What This Group Measures
FaMTEB: Massive Text Embedding Benchmark in Persian Language introduces a Persian embedding benchmark in the MTEB style. NanoFaMTEB-v2 is the compact retrieval subset of that broader benchmark. It combines native Persian resources, translated benchmark tasks, synthetic Persian QA, and domain-specific retrieval sources.
The group measures Persian retrieval robustness across task definitions. A relevant item can be a duplicate question, a FAQ answer, a Wikipedia evidence passage, a finance answer, a scientific abstract, a biomedical COVID document, a news article, or a chatbot knowledge-base entry. This diversity makes single-score interpretation risky: researchers should read the group by task family and retrieval profile.
Task Families
- Argument and duplicate retrieval:
argu_ana_faandquora_fatest counterargument-style pairing and duplicate-question intent. - Open-domain QA and evidence retrieval:
fever_fa,hotpot_qa_fa,miracl_fa,nq_fa,msmarco_fa,syn_per_qa, andwikipedia_multilingual_faretrieve answer or evidence passages. - Domain retrieval:
fi_qa2018_fa,sci_fact_fa,scidocs_fa, andtreccovid_facover finance, scientific evidence, related papers, and biomedical COVID literature. - News, web, and FAQ retrieval:
neu_clir2023_fas,persian_web_document,web_faq_fas, andsyn_per_chatbot_ragfaqcover news/web documents, FAQ entries, and conversational RAG targets.
Dataset Shape
NanoFaMTEB-v2 contains 17 task pages, 2,966 queries, 161,314 split-local documents, and 17,925 positive qrel rows. Query counts vary: most tasks have 200 queries, while MS MARCO has 43, NeuCLIR has 74, and TREC-COVID has 50. Several tasks are single-positive, but MS MARCO, NeuCLIR, Persian web retrieval, TREC-COVID, SCIDOCS, and other tasks are strongly multi-positive.

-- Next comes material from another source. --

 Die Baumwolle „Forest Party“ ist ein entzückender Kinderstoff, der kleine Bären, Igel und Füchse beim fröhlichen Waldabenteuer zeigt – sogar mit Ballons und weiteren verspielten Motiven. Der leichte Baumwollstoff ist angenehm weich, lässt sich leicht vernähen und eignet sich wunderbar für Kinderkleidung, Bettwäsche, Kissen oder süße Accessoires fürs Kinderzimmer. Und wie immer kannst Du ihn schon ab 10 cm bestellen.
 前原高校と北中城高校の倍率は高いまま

Lengths vary widely. persian_web_document uses very short web queries, whereas argu_ana_fa and syn_per_chatbot_ragfaq use long argument or conversation-like queries. Documents range from short duplicate questions and FAQ answers to long NeuCLIR news documents and scientific or biomedical abstracts. The group therefore tests Persian retrieval across both terse search intent and rich context matching.
Retrieval Behavior
BM25 Profile
BM25 is strongest when Persian query terms, named entities, or domain words appear directly in the positive document. quora_fa, syn_per_qa, web_faq_fas, wikipedia_multilingual_fa, fever_fa, hotpot_qa_fa, and persian_web_document all have substantial sparse signal. These tasks either preserve short search terms, contain repeated question wording, or have clear Wikipedia/FAQ lexical anchors.

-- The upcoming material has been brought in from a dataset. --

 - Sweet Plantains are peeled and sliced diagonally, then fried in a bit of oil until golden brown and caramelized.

BM25 is weaker on stance-sensitive, conversational, and related-paper tasks. argu_ana_fa, syn_per_chatbot_ragfaq, scidocs_fa, and some finance or biomedical tasks require matching the retrieval relation rather than repeated words. Multi-positive tasks can also hide difficulty: BM25 may find one positive while still ranking the relevant set poorly.
Dense Profile
Dense retrieval is the best profile for most tasks in the current metadata. It improves Persian QA, MIRACL, MS MARCO, NeuCLIR, web retrieval, chatbot RAG, and many evidence tasks by connecting paraphrase, answerability, and intent across different wording. It is especially important for long conversational or argument-style queries.

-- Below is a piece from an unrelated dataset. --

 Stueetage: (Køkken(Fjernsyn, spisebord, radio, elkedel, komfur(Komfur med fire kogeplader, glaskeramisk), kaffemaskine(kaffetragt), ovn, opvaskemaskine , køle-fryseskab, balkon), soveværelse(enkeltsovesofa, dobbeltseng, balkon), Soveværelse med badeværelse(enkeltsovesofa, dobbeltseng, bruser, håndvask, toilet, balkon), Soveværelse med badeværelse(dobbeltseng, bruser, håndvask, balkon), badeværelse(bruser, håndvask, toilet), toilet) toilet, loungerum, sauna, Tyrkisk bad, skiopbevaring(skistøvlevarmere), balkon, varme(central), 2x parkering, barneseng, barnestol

Dense retrieval should still be checked for exact Persian anchors. Named entities, transliterations, domain terminology, and short web queries can be lost if embedding similarity smooths them away. The best dense gains are those that improve semantic matching without damaging entity and term recall.
Reranking Hybrid Profile
reranking_hybrid is strongest where sparse and dense candidates are complementary. It leads on fi_qa2018_fa, hotpot_qa_fa, scidocs_fa, treccovid_fa, and web_faq_fas in the current metadata. These tasks combine domain terms or exact FAQ/QA cues with semantic answerability.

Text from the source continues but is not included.